INPUT RECORDS |
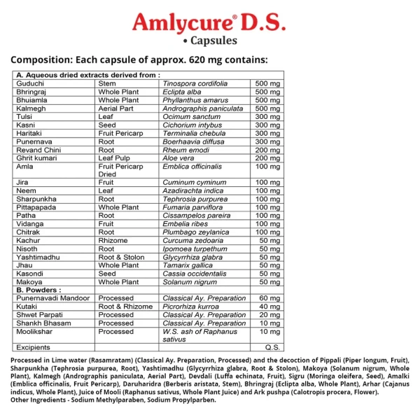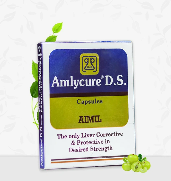 Amlycure D.S. Capsules are an Ayurvedic formulation designed to support liver health, improve digestion, and enhance metabolism. They contain a blend of hepatoprotective (liver-protecting) herbs that help detoxify the liver, regulate liver enzymes, and support overall digestive well-being.
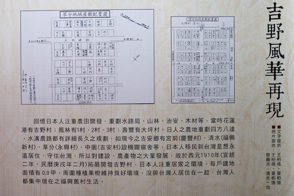 花蓮壽豐鄉豐田村是日本時代的移民中心,說明除了各族原住民族是最早定居花蓮的外,第一代的移民是來自日本的移民,分布在花蓮市、吉安、壽豐、豐田、鳳林、瑞穗和富里等鄉鎮。戰後,來自新竹、苗栗和桃園的客家人是第二波移民。接著是1949年大陸省籍軍民的移民。
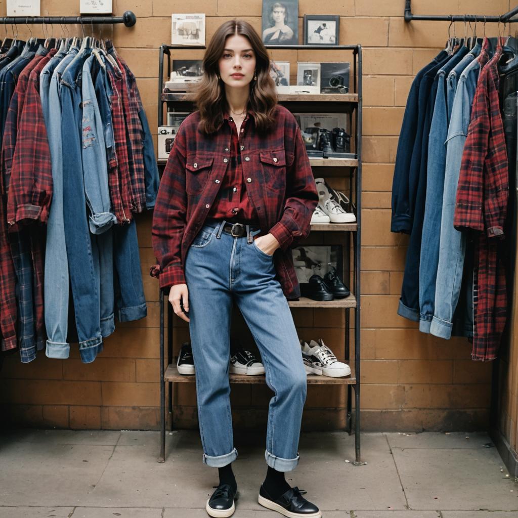 Photo of a Slender woman, Long Wavy, 90s outfit, baggy skinny jeans in Deep Red, oversized flannel shirt in Denim, graphic t-shirt, denim jacket, leather ballet flats, grunge style, plaid patterns, muted colors, casual, vintage, retro, 1990s fashion, Vintage Store, muted colors
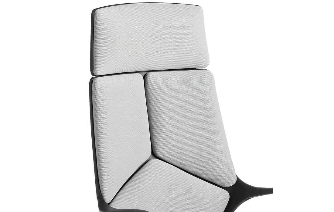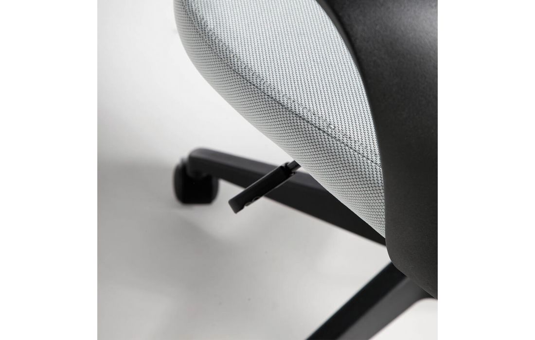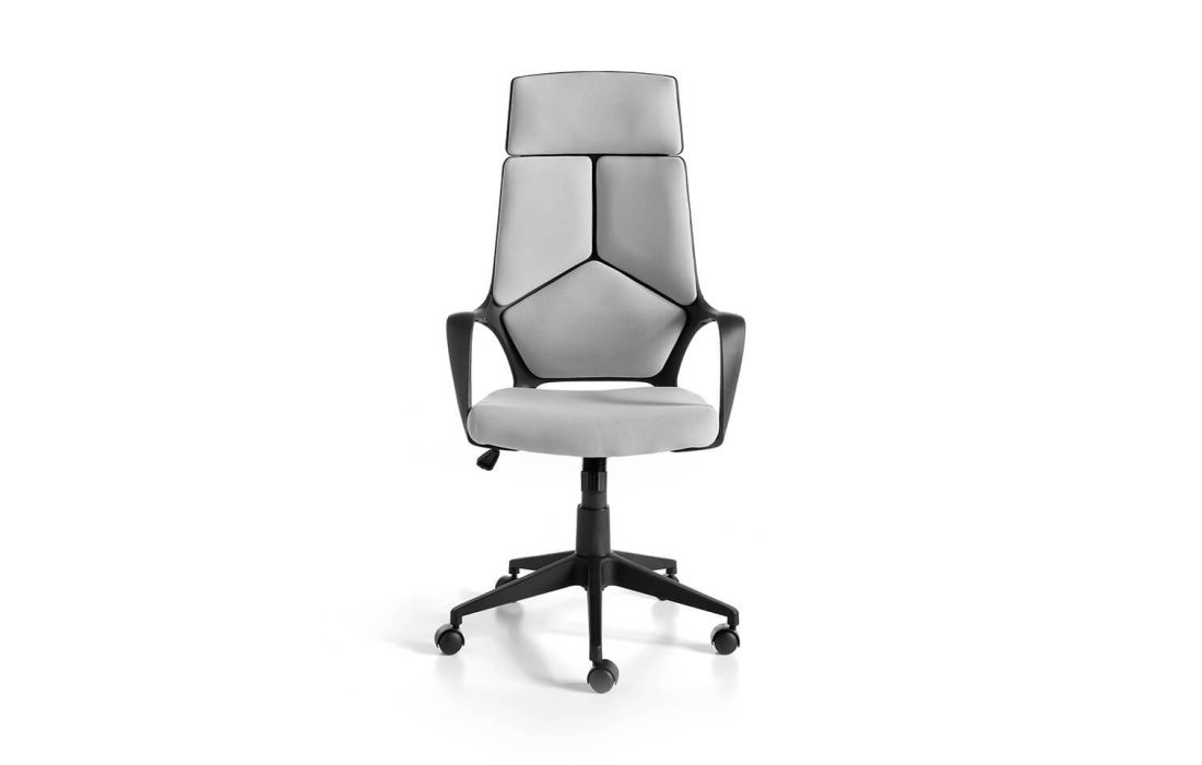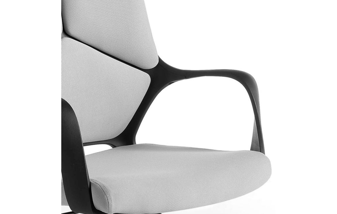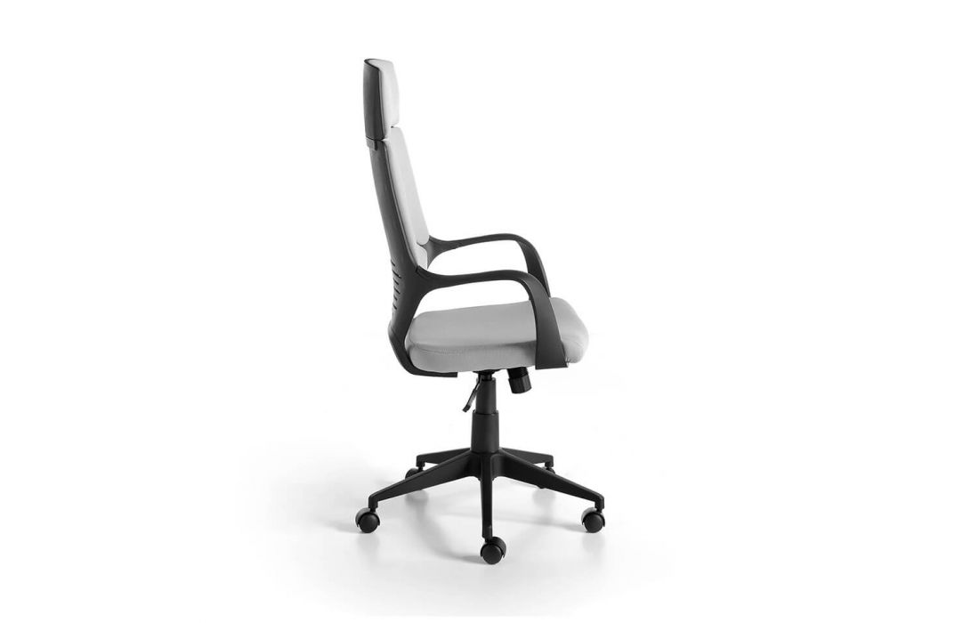Cadeira de escritório estofada em tecido cinza com braços. Sistema giratório 360º e mecanismo reclinável. Altura ajustável por alavanca com mecanismo de elevação hidráulico. Pernas pretas com rodas.
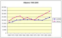Демографические изменения в этих двух муниципалитетах с 1900 года носят довольно дифференцированный характер: Екла, наиболее густонаселенный, наиболее остро пережил войну и миграционный кризис пятидесятых годов, а также восстановился раньше и более активно. Хумилья напротив, переживает умеренный рост на начальных и конечных этапах процесса.
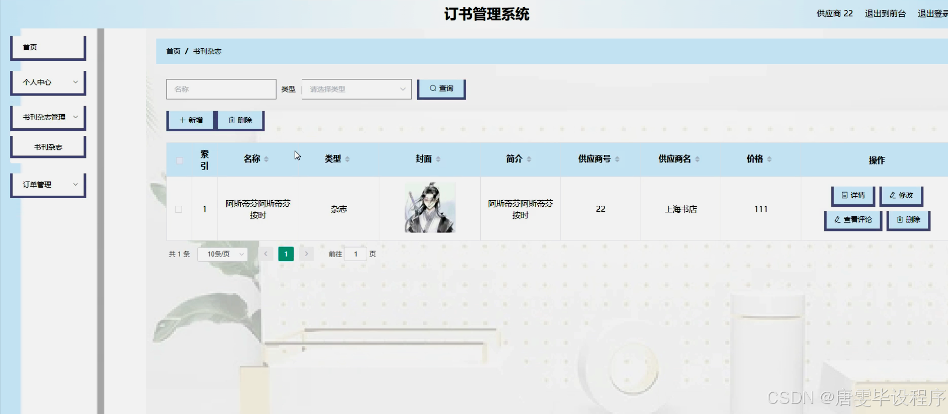 随着信息技术的飞速发展和数字化时代的到来,图书馆、书店以及各类出版机构的订书流程逐渐从传统的手工操作转向自动化管理。传统的订书方式存在信息更新不及时、库存管理混乱、订单处理效率低下等问题,已难以满足现代业务需求。因此,开发一个高效、便捷的订书管理系统显得尤为重要。该系统旨在通过整合用户信息、供应商资源、书刊杂志类型等关键要素,实现订书流程的数字化、智能化,提高管理效率和服务质量,以适应市场需求的变化。
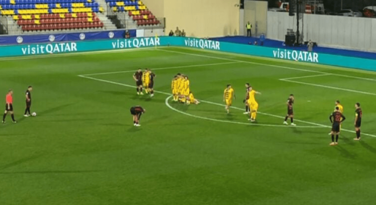 Në minutat e fundit të pjesës së parë, gjatë një goditjeje këndi për Shqipërinë, topi i goditur nga Berat Gjimshiti përplaset mbi traversë, duke shpëtuar portën vendase.
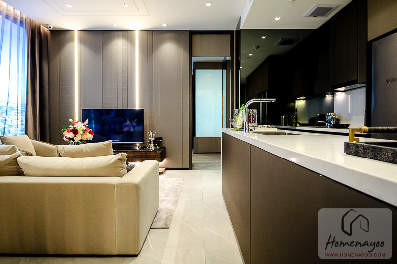 เข้าห้องมาจะเจอส่วน Public อย่างส่วนครัวเปิด ส่วนรับประทานอาหารที่อยู่ติดระเบียง ต่อเนื่องไปส่วนห้องนั่งเล่น ห้องขายแบบ Fully Fitted พร้อมชุดครัว, ชุดสุขภัณฑ์, ตู้เสื้อผ้า Built in และ Digital Door Lock ติดตั้งมาให้ทุกห้อง ตัวห้องจะเป็นอย่างไรเราไปชมกันเลยค่ะ
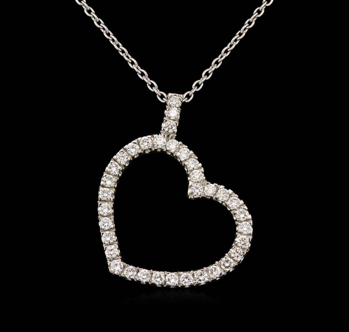 One electronically tested platinum ladies cast diamond heart pendant and chain 16.0" long, with a lobster claw clasp with a bright polish finish. Identified with markings of "PLAT". Condition is new. Containing: Thirty-Five prong set round brilliant cut diamonds, measuring 2.20 - 2.20 x 1.32mm (depth est.) approximate total weight of 35 Stones = 1.50ct. Clarity: SI-1. Color: I - J, Cut is Good. Diamonds are graded in the mounting, unless otherwise stated. Total Weight of Diamonds 1.50ct. Total Weight of Heart Pendant And Chain 11.90 grams. GGL Appraised at $5,320.00.

WORK ITEM | Exact copies of the entries above are needed, with every picture removed.

EXERCISE SOLUTION |
 Amlycure D.S. Capsules are an Ayurvedic formulation designed to support liver health, improve digestion, and enhance metabolism. They contain a blend of hepatoprotective (liver-protecting) herbs that help detoxify the liver, regulate liver enzymes, and support overall digestive well-being.
 花蓮壽豐鄉豐田村是日本時代的移民中心,說明除了各族原住民族是最早定居花蓮的外,第一代的移民是來自日本的移民,分布在花蓮市、吉安、壽豐、豐田、鳳林、瑞穗和富里等鄉鎮。戰後,來自新竹、苗栗和桃園的客家人是第二波移民。接著是1949年大陸省籍軍民的移民。
 Photo of a Slender woman, Long Wavy, 90s outfit, baggy skinny jeans in Deep Red, oversized flannel shirt in Denim, graphic t-shirt, denim jacket, leather ballet flats, grunge style, plaid patterns, muted colors, casual, vintage, retro, 1990s fashion, Vintage Store, muted colors
Cadeira de escritório estofada em tecido cinza com braços. Sistema giratório 360º e mecanismo reclinável. Altura ajustável por alavanca com mecanismo de elevação hidráulico. Pernas pretas com rodas.
Демографические изменения в этих двух муниципалитетах с 1900 года носят довольно дифференцированный характер: Екла, наиболее густонаселенный, наиболее остро пережил войну и миграционный кризис пятидесятых годов, а также восстановился раньше и более активно. Хумилья напротив, переживает умеренный рост на начальных и конечных этапах процесса.
 随着信息技术的飞速发展和数字化时代的到来,图书馆、书店以及各类出版机构的订书流程逐渐从传统的手工操作转向自动化管理。传统的订书方式存在信息更新不及时、库存管理混乱、订单处理效率低下等问题,已难以满足现代业务需求。因此,开发一个高效、便捷的订书管理系统显得尤为重要。该系统旨在通过整合用户信息、供应商资源、书刊杂志类型等关键要素,实现订书流程的数字化、智能化,提高管理效率和服务质量,以适应市场需求的变化。
 Në minutat e fundit të pjesës së parë, gjatë një goditjeje këndi për Shqipërinë, topi i goditur nga Berat Gjimshiti përplaset mbi traversë, duke shpëtuar portën vendase.
 เข้าห้องมาจะเจอส่วน Public อย่างส่วนครัวเปิด ส่วนรับประทานอาหารที่อยู่ติดระเบียง ต่อเนื่องไปส่วนห้องนั่งเล่น ห้องขายแบบ Fully Fitted พร้อมชุดครัว, ชุดสุขภัณฑ์, ตู้เสื้อผ้า Built in และ Digital Door Lock ติดตั้งมาให้ทุกห้อง ตัวห้องจะเป็นอย่างไรเราไปชมกันเลยค่ะ
 One electronically tested platinum ladies cast diamond heart pendant and chain 16.0" long, with a lobster claw clasp with a bright polish finish. Identified with markings of "PLAT". Condition is new. Containing: Thirty-Five prong set round brilliant cut diamonds, measuring 2.20 - 2.20 x 1.32mm (depth est.) approximate total weight of 35 Stones = 1.50ct. Clarity: SI-1. Color: I - J, Cut is Good. Diamonds are graded in the mounting, unless otherwise stated. Total Weight of Diamonds 1.50ct. Total Weight of Heart Pendant And Chain 11.90 grams. GGL Appraised at $5,320.00.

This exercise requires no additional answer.